Reacción a "Reactions: two studies link microbiome changes to chronic fatigue syndrome"

The two studies are novel and of high scientific interest, and have a high methodological quality, with the use of metabolomic and metagenomic techniques. They are published in a journal specialised in the microbiome, with high scientific impact.  

These studies corroborate the line of research initiated some five years ago on the role of the microbiota in chronic fatigue syndrome/myalgic encephalomyelitis (CFS/ME). However, these studies are more systematised, carried out on larger samples and with better methodology than the previous ones. They not only make it possible to establish pathogenic correlations between the microbiota and CFS/ME, but also to determine the role of certain mediators, such as intestinal butyrate biosynthesis and the abundance of Faecalibacterium prausnitzii. They also profile specific microbiota phenotypes for increased fatigue intensity and for newly diagnosed versus long-standing CFS/ME subgroups.  

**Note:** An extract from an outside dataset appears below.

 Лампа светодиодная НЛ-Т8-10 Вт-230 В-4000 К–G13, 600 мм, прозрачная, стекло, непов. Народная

These articles provide biomarkers that may be useful for assessing gastrointestinal involvement in CFS/ME patients. However, as the authors themselves state in the limitations of the studies, these are not diagnostic markers of disease, but of the process of gastrointestinal dysfunction. Nor do they immediately assume that they can act directly on the microbiota and improve the symptoms of CFS/ME. We are still in the early stages of scientific understanding of the microbiota and its mediating role in multiple diseases, including CFS/ME.   

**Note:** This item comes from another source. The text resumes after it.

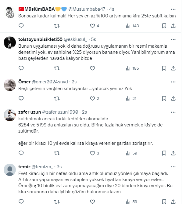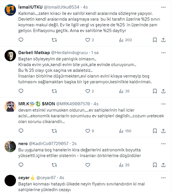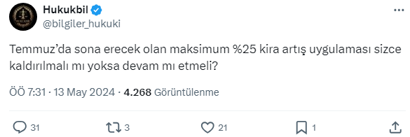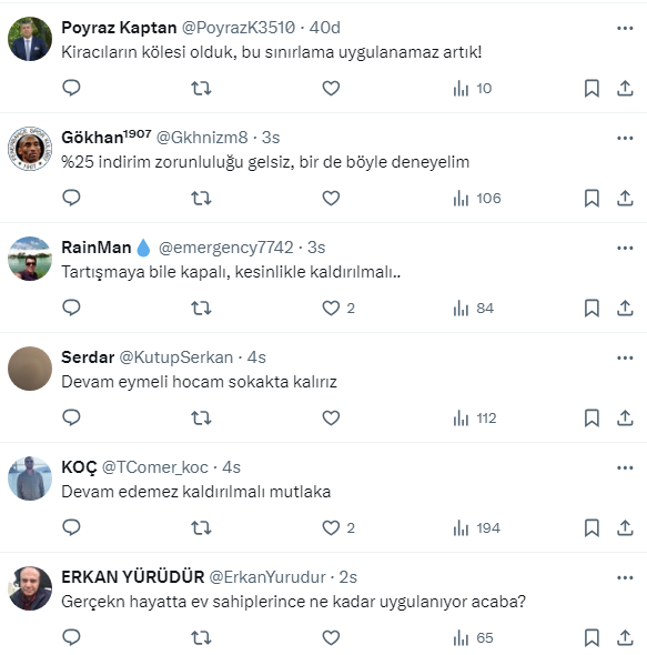 Kiracı ve ev sahipleri arasında yaşanan gerilim her geçen gün artıyor. Kiraların fahiş rakamlara ulaşması ile ev sahibi ile kiracı arasındaki kavgalar her geçem gün büyüyor. Kira bedellerinde fahiş artışların önüne geçilmesi için uygulamaya alınan yüzde 25 kira sınırı ev sahiplerini zor durumda bıraktı. Her gün gündemde olan yüzde 25 kira artışın uygulamasının Temmuzda kaldırılması planlanıyor. Hukukbilgileri adlı sosyal medya X kullanıcısı konuyla ilgili paylaşım yaptı ve vatandaşlara '' Yüzde 25 artış uygulaması kaldırılmalı mı, devam etmeli mi?'' sorusunu sordu. Bakın vatandaş ne cevap verdi. İşte o paylaşım ve gelen yorumlar...

CFS/ME is a complex disease of neuroinflammatory pathogenesis with systemic repercussions. The microbiota interrelates with the brain in this disease, modulating intestinal reactivity to food and external factors and triggering local inflammatory reactions, with potential systemic repercussions. The more we know about the microbiota in CFS/ME, the better we will understand what happens in gut dysfunction in this disease. However, we must not forget that the main site where this dysfunction mainly occurs is in the central nervous system. What happens in the gut may only be secondary to the central nervous system alteration in the brain-gut axis.